- Born: Elizabeth Harriet Henninger January 11, 1910 Santa Monica, California, U.S.
- Died: June 9, 1992 (aged 82) Hughson, California, U.S.
- Occupations: Film actress, stuntwoman, drama teacher, school educator

= Betty Miles =

American actress

Betty Miles (January 11, 1910 – June 9, 1992) was an American B-movie film actress and stuntwoman of the late 1930s and well into the 1940s, who later became an educator. Her father, George Henry T. Henninger, was a Texas cattleman, and had taught her to ride horses from an early age.

==Early life==
Born in Santa Monica, California as Elizabeth Harriet Henninger, she attended the University of Southern California, graduating in 1931. While attending college, she took part in several debate competitions, winning three.

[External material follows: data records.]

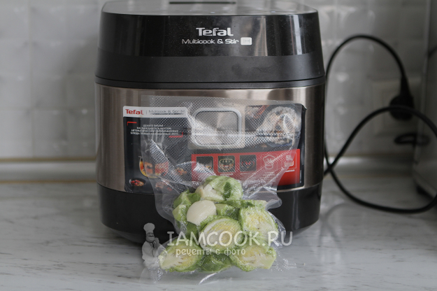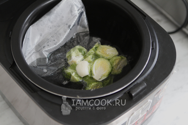 Когда вода нагрелась до нужной температуры, пакет с брюссельской капустой переложила в чашу мультиварки. Важно: пакет должен быть полностью погружен в воду. Если он будет всплывать, сверху можно установить маленький грузик.
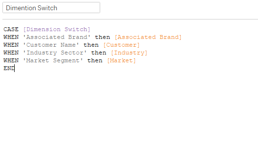Next, you need a calculated field that links the parameter to the underlying dimensions in the data.
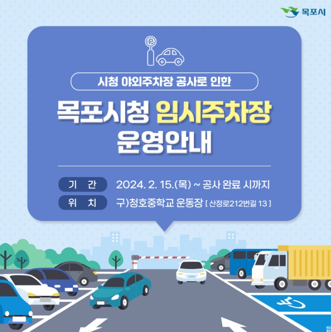 시는 주차타워 건립공사에 따른 야외 주차장 폐쇄로, 민원인과 직원들의 주차 불편사항 개선하기 위해 목포교육청과 협의해 구)청호중학교 운동장에 임시장주차장 220면을 설치완료했다.
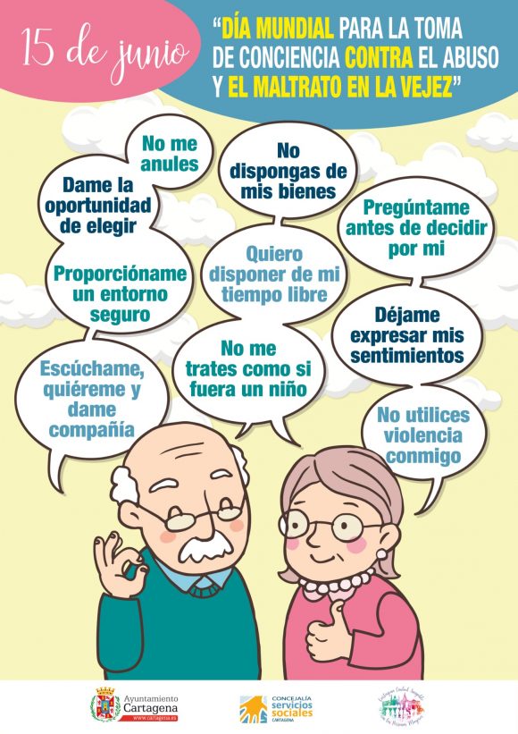 Así como a promover en sus planes de acción actuaciones dirigidas a fomentar el buen trato a las personas mayores como medida de prevención. Por ejemplo campañas de sensibilización como la promovida por el Ayuntamiento de Terrassa “Con respeto, mejor”o la realizada por el Ayuntamiento de Cartagena con motivo del Día de la Toma de Conciencia del Abuso y Maltrato en la Vejez (Ver vídeo).
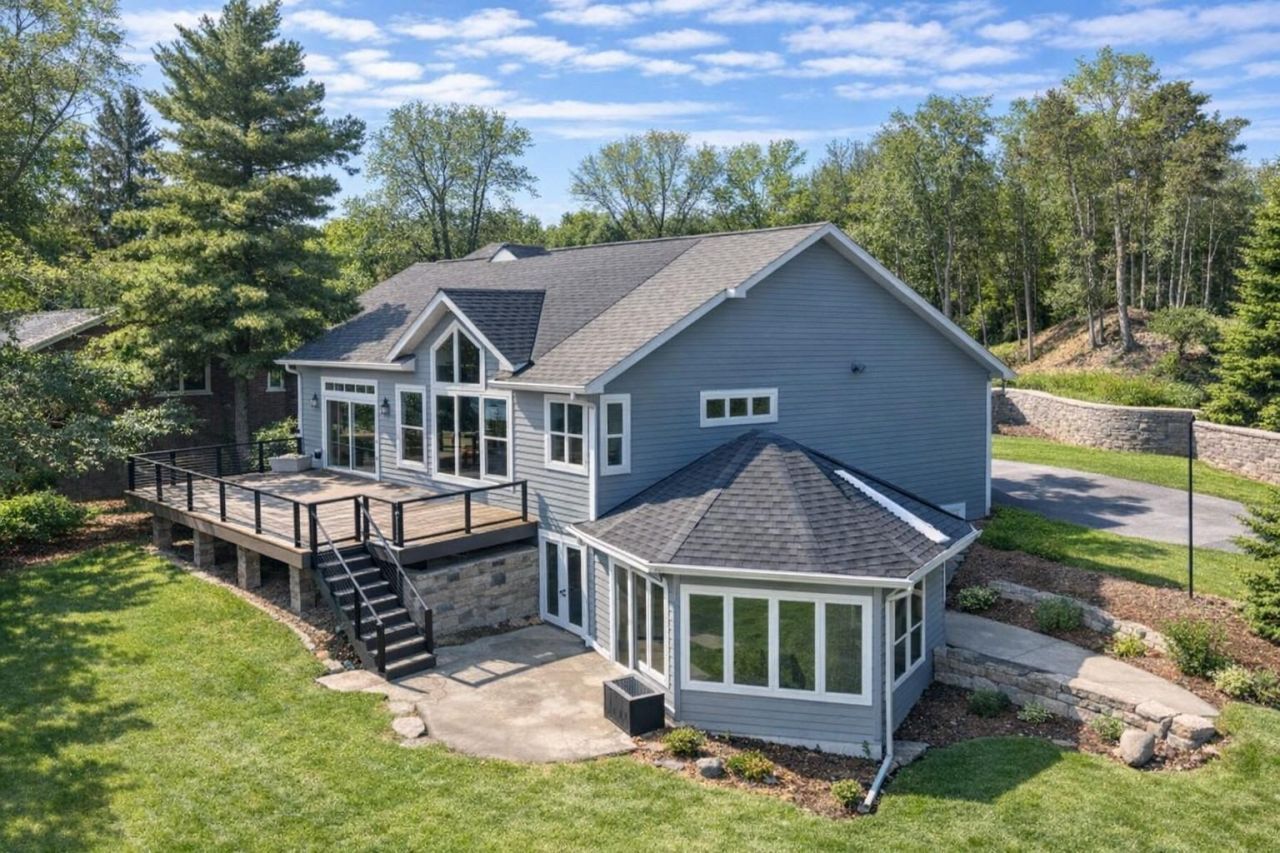Discover lakeside living at its finest with this impressive 5+ bedroom, 5 bathroom home on the beautiful Lake Alexander! Situated in the heart of the Lincoln Lakes Area and surrounded by other popular recreational lakes, this property boasts over 200 feet of pristine lake frontage...perfect for fishing, boating, and year-round enjoyment. The home welcomes you with a grand foyer entry with vaulted ceilings, opening to a bright main level featuring expansive windows showcasing unbelievable lake views. The custom kitchen offers granite countertops, ceramic tiled flooring, natural wood cabinetry, breakfast bar, built-in wet bar area with sink and wine cooler, and a spacious 5x6 pantry. This area flows into the living/dining room area complete with a cozy fireplace. The main-level primary suite includes a private bath with dual vanities, spacious tub, a walk-in tiled shower, and a generous walk-in closet. The main-floor also offers laundry and a half bath. The walk-out lower level provides even more space to relax and entertain, featuring a sunroom with an indoor hot tub leading to the patio overlooking the lake, a large family room, game room, full bathroom, 1/2 bathroom and 3 additional bedrooms. The upper level offers 2 bedrooms plus a versatile bonus room that could easily convert into an additional bedroom, along with a full bathroom featuring a double-sink vanity. Enjoy the convenience of a heated 3-car attached garage, a paved driveway, and an ideal setting at the end of a quiet road - offering privacy and less traffic. Additonal features include: lawn sprinkler system, storage shed, new lakeside deck and fenced-in garden area. This exceptional property delivers space, comfort, and unforgettable lake views. A true Lake Alexander gem!
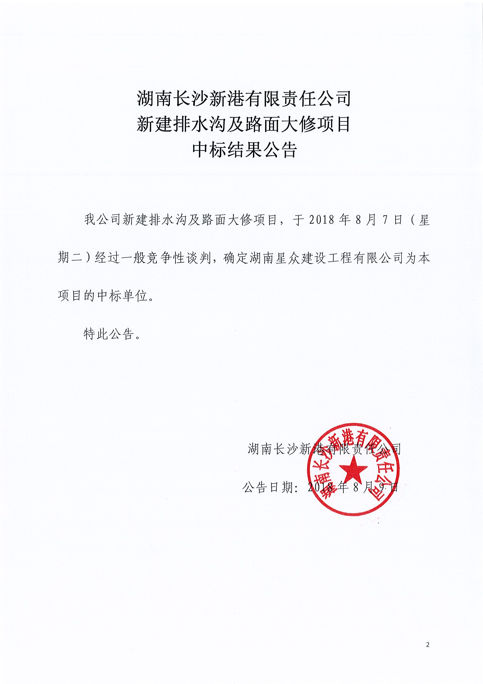 湖南長沙新港有限責任公司 新建排水溝及路面大修項目中標結(jié)果公告
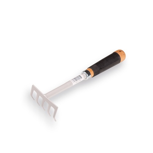 Handharkje 5 tands met houten greep. Geschikt voor het harken en losmaken van de grond in kleiner formaat. En ideaal voor kleine harkwerkzaamheden bijv. in tuinen, bloembakken en moestuinen.
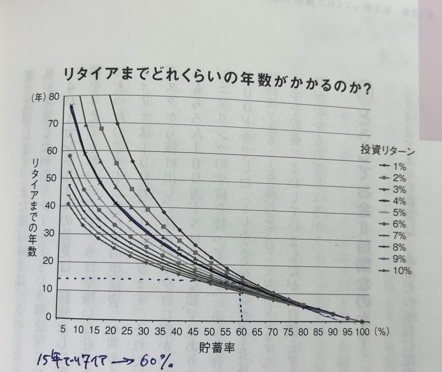 またこの図からは貯蓄率が35%以下の場合リタイアにかかる年数が指数関数的に長くなるということもわかります。
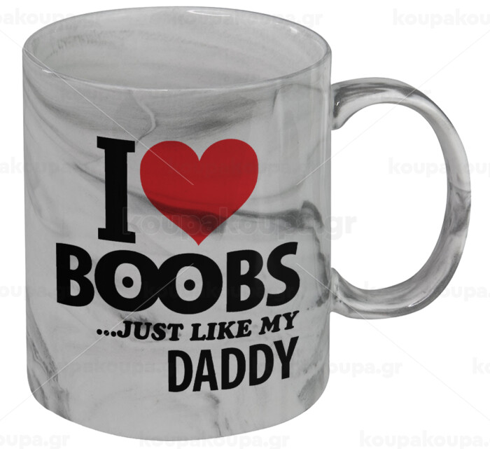 I Love boobs ...just like my daddy, Mug ceramic marble style, 330ml
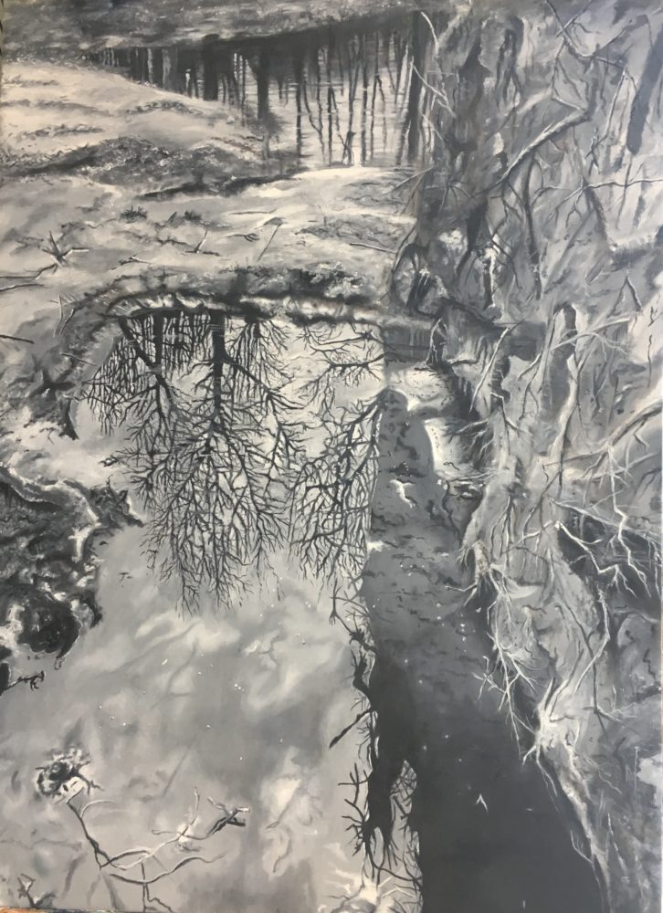 ENCI Groeve – Winterse mergelpoel / ENCI Quarry – Wintry Marl Pool (2021)Olieverf op ongeprepareerd linnen125 x 95 cm.n.t.k. -
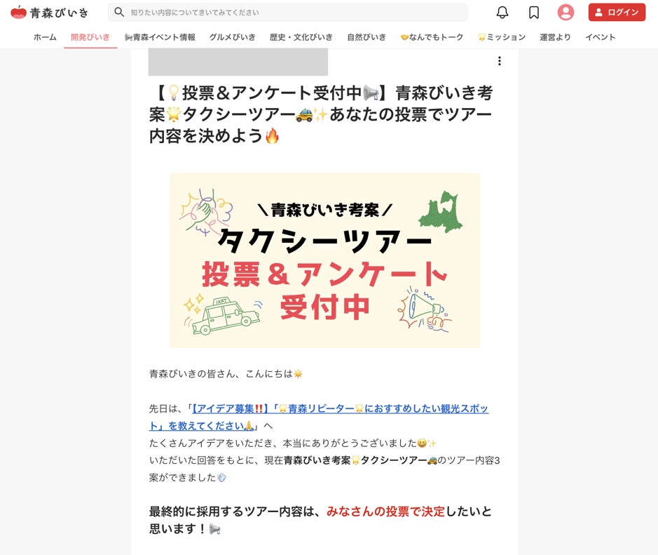 タクシーツアー、ホテルのコンセプトルームについてアイデア募集から投票まで共創し、青森県内外からの観光客の誘致を目指します。
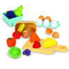 Tato 27dílná sada zahrnuje: prkýnko, bedýnku na ovoce, košík, plato na vajíčka, 6 otevíracích vajec a 11 dalších herních potravin.
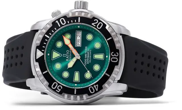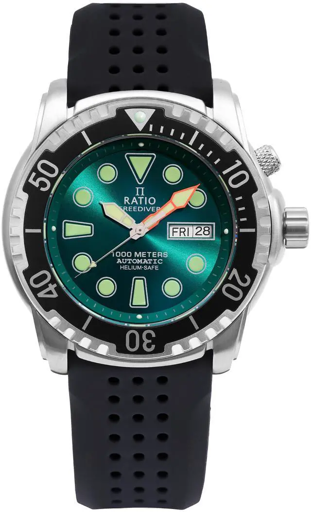 Ratio FreeDiver Version 02 Helium Safe 1000M Sapphire Automatic Green Dial 1068HA90-34VA-GRN-V02 Men's Watch  Immerse yourself in adventure with the 1068HA90-34VA-GRN-V02's striking green dial, a feature that blends bold aesthetics with exceptional visibility. The automatic movement delivers precise and consistent timekeeping, ideal for extreme conditions. Sapphire crystal provides top-tier scratch resistance, maintaining the watchâs pristine look. With 1000m water resistance and helium safety, this watch is engineered for professional divers who demand both high performance and a distinctive design.
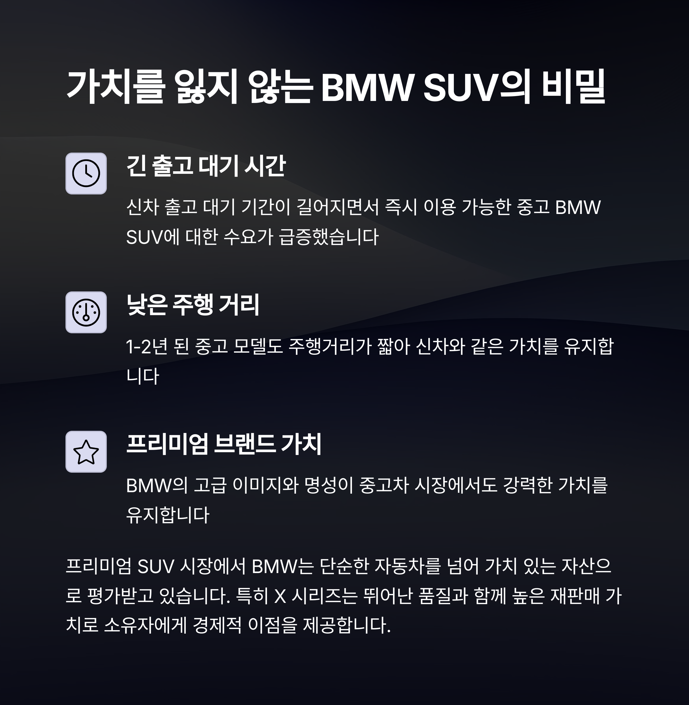첫째, 이 모델들은 BMW의 대표 프리미엄 SUV로, 고급스러운 내외관과 강력한 주행성능, 최신 옵션을 모두 갖추고 있습니다. 둘째, 대기 기간 없이 바로 탈 수 있는 매물이 귀하다 보니, 당장 차량이 필요한 소비자들이 중고차 시장으로 몰리고 있습니다.
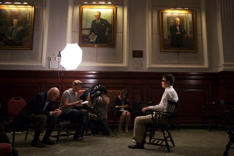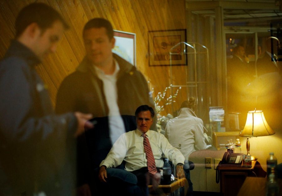 92. Працівники офісів біля кімнати, де сидить кандидат в президенти США Мітт Ромні в Північному Кантоні, штат Огайо, 26 жовтня. (BRIAN SNYDER)
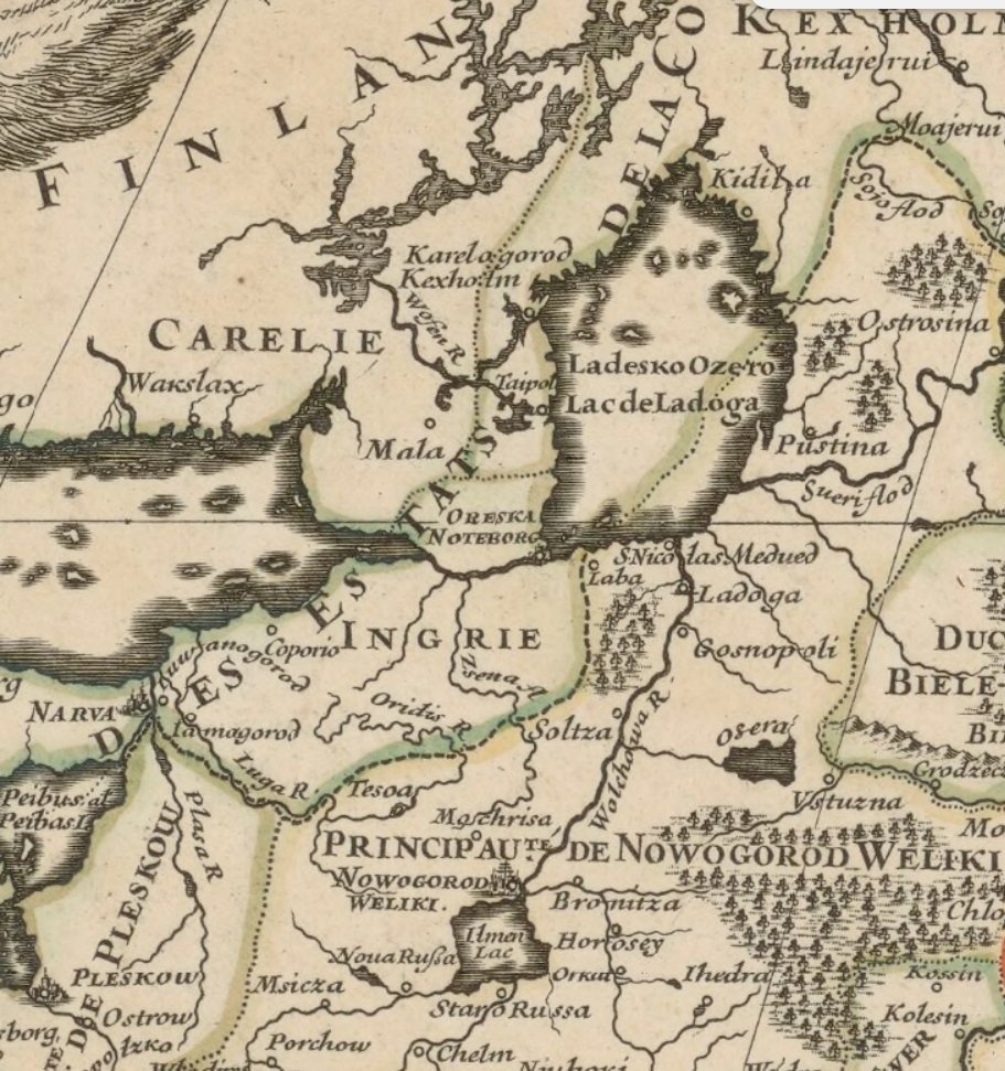 Текст Фрагмент той самой французской карты XVII века, которую на этой неделе так подробно обсуждали двое пожилых мужчин. Украина на ней вообще-то есть. А главное — на ней хорошо видна Ингрия с её реками, крепостями и прочей топонимикой. Правда, как часть Шведского королевства 👑 #Ингерманландия #географические_карты

Educated, athletic, attractive, and an accomplished equestrian, she began acting after graduation, playing in several theater plays through 1936. In 1937, she had her first, albeit minor, film role, in Nothing Sacred.

==Acting and stuntwoman career==
Having an interest in western films, she caught the attention of Monogram Pictures when, while watching the filming of a movie scene, she noticed that the actress was having difficulty with her riding, causing several retakes. Miles offered to help her with instruction, and in doing so she showed herself to be an accomplished and talented rider, and was given a contract by Monogram. In 1941 she starred in Ridin' the Cherokee Trail with Tex Ritter and Slim Andrews. That same year she starred in another five films, including The Return of Daniel Boone. During 1943–44 she starred in another six films, three in each year, often playing opposite Tom Keene. She starred in several of the Trail Blazer serials, alongside Hoot Gibson, Bob Steele, and Ken Maynard. Her last role was in Gangsters of the Frontier. In her films, she usually did her own riding and stunts, and often worked as a stuntwoman on films.

After her film career ended, she began working on tour with several circuses, alongside her friend and fellow accomplished rider and actress Evelyn Finley. At times during this period she taught dramatic acting classes at such studios as 20th Century Fox, Universal Pictures, and Columbia Pictures.

==Later life==
By 1946 her involvement with acting had finished, and she elected not to return to the circus. She became a teacher for the Fresno, California public school system. She later served as the "Dean of Girls" for the Simi Valley school systems, then later held positions of a similar role in the Turlock and Los Angeles school systems. She retired from teaching in 1976, and moved to Hughson, California, where she lived the remainder of her life to be near to her son, Lynn Rees Miles (born March 8, 1942), and her two grandchildren. She died there on June 9, 1992, aged 82.